# Work task
Everything from the line containing "Houtkachel volledig bedekt" through the last line of the listing below should be returned exactly, except for pictures.

# Information supplied
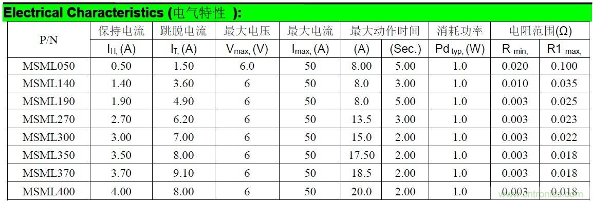 具有廣泛應用范圍的自恢復保險絲系列產品
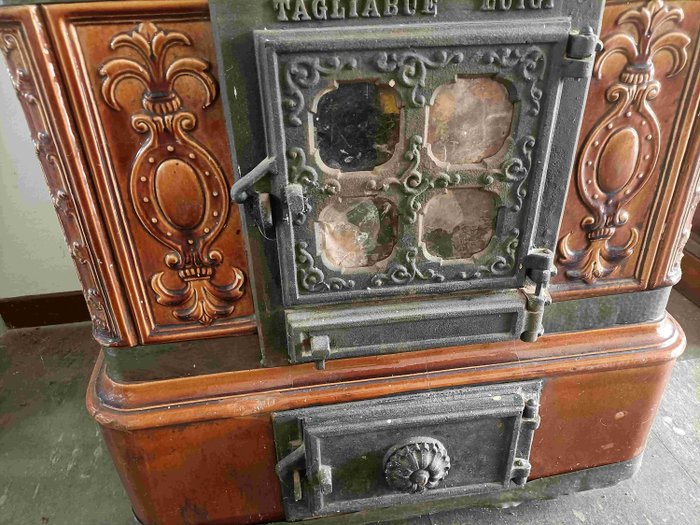 Houtkachel volledig bedekt met majolica, nooit gebruikt, naar schatting uit het begin van de 20e eeuw door het bedrijf Tagliabue.
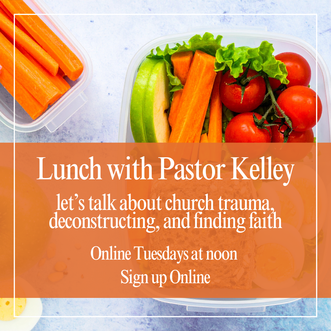 Sign up for our newsletter to get the zoom link. Grab a lunch and let’s talk about our walks. You can ask Pastor Kelley about specific verses or about church, share your story with friends, and heal together.
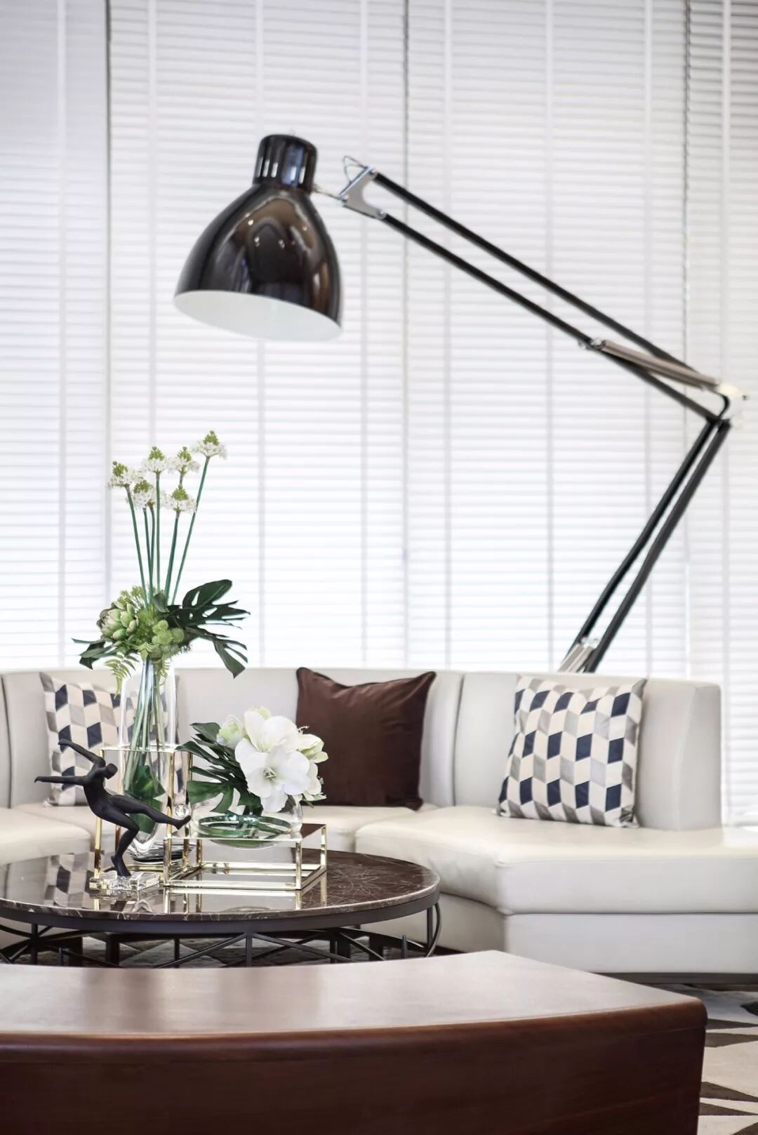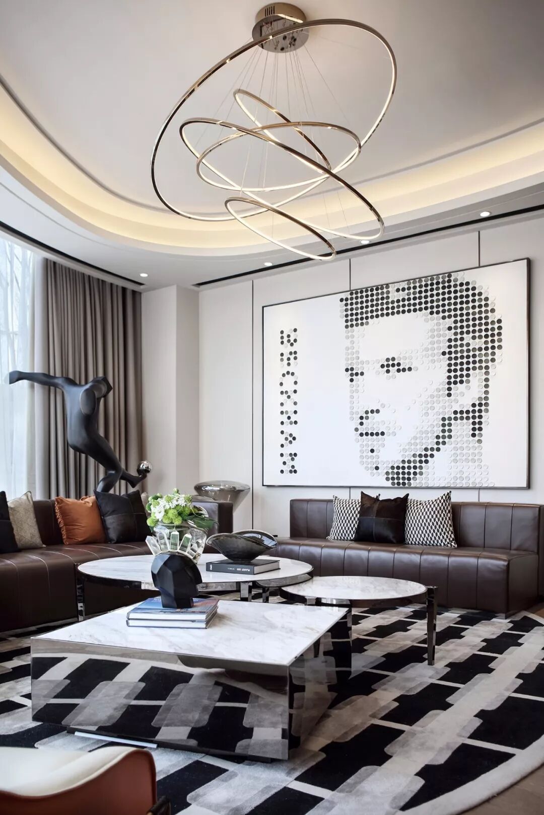 动感的吊灯与黑白艺术装饰极具视觉冲击力,白色理石桌面中和了空间过快的节奏,时尚又不失优雅,以现代手法演绎空间属性,更具开放性与包容性。

# Answer area
 Houtkachel volledig bedekt met majolica, nooit gebruikt, naar schatting uit het begin van de 20e eeuw door het bedrijf Tagliabue.
 Sign up for our newsletter to get the zoom link. Grab a lunch and let’s talk about our walks. You can ask Pastor Kelley about specific verses or about church, share your story with friends, and heal together.
 动感的吊灯与黑白艺术装饰极具视觉冲击力,白色理石桌面中和了空间过快的节奏,时尚又不失优雅,以现代手法演绎空间属性,更具开放性与包容性。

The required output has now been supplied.